Si la présence du FDP à une future coalition pourrait durcir le ton de Berlin, ne peut-on pas voir l'affaiblissement interne d'Angela Merkel comme une opportunité pour Emmanuel Macron, pour "aller plus loin"?  

Je ne crois pas, non. De toute façon, Angela Merkel est très pragmatique et elle va s'adapter à sa nouvelle feuille de route gouvernementale. Elle a certes perdu des plumes dans l'élection mais elle reste incontournable. Je crois que le résultat de cette élection va plutôt permettre à Emmanuel Macron d'aller moins loin, comme expliqué auparavant. Vouloir forcer la main des allemands sur l'Europe ne sert à rien, les prédécesseurs d'Emmanuel Macron l'ont bien vu. S'il veut réussir, il s'agit plutôt de les convaincre du sérieux de ses intentions. Le Président français pouvait utiliser son nouveau capital politique à l'échelle européenne de deux manières incompatibles: demander de la souplesse budgétaire sur les déficits publics, ou pousser pour une réforme de la zone euro. Il est le premier Président à avoir choisi la dernière option et on verra dans les semaines et mois à venir si cela est payant. Je pense que oui. Les libéraux du FDP, qui sont très à cheval sur les questions budgétaires, voient cela d'un bon œil. On le voit déjà dans les déclarations de ses dirigeants. Cela pourrait faciliter les négociations à venir.

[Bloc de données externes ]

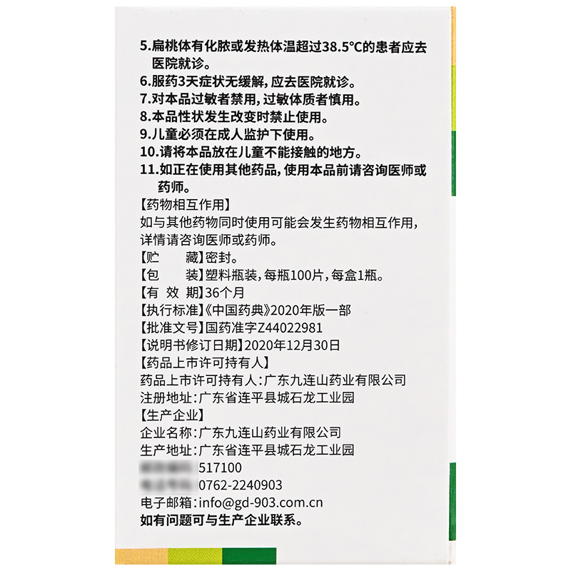 九连山 复方鱼腥草片 100片咽部红肿咽痛急性咽炎急性扁桃体炎等 - 弘毅药品专营店

Menaces de la CSU, renforcement du FPD, et apparition de l'AFD, dans quelle mesure le résultat des élections peut-il produire un durcissement de position d'une Allemagne souvent accusée "d'égoïsme" en Europe ?

La situation est compliquée pour Merkel, plus compliquée que lorsqu'elle gouvernait avec les sociaux-démocrates. Pour faire tenir une coalition "jamaïcaine", inédite en Allemagne, elle va devoir trouver un point d'équilibre entre les verts et les libéraux. A titre d'exemple, les premiers veulent transformer l'ESM en un fond monétaire européen alors que les derniers veulent carrément le débrancher. La même opposition prévaut sur l'application des règles budgétaires au niveau européen. "Le Président Macron a demandé à raison la fin de l'austérité et une grande offensive d'investissement en Europe. Nous soutiendrons cette orientation": c'est ce qui figure noir sur blanc dans le programme des Verts. Les poils des dirigeants du FDP vont s'hérisser quand ils reliront ces lignes. Sur tous ces sujets, Merkel va devoir trouver un compromis entre ces différentes positions. Et elle est très bonne dans ce rôle, c'est d'ailleurs là où elle excelle. Le résultat sera probablement mesuré, et donc je ne crois pas à un durcissement de la position allemande en général. L'inverse aurait été vrai sans les Verts. Il y a néanmoins un point précis où l'on peut effectivement voir un durcissement et c'est le cas de la Grèce. Ce n'est pas le sujet de prédilection des Verts alors que c'est une des lignes rouges du FDP qui veut bien parler de restructuration de la dette, mais avec à la clé une sortie de la zone monétaire. C'est le retour du Grexit. Nous n'en arriverons probablement pas jusque-là mais il y a fort à parier que la Chancelière sera intransigeante sur le cas grec et laissera les coudées franches aux libéraux et à la CSU. Il faut aussi se rappeler que l'AfD a été à l'origine créé en protestation des plans de sauvetage grecs. Ce parti est maintenant au Bundestag et ne manquera pas de mettre encore plus de pression sur la Chancelière. En caricaturant un peu, on peut donc dire que les élections allemandes ont fait deux perdants: Emmanuel Macron et la Grèce.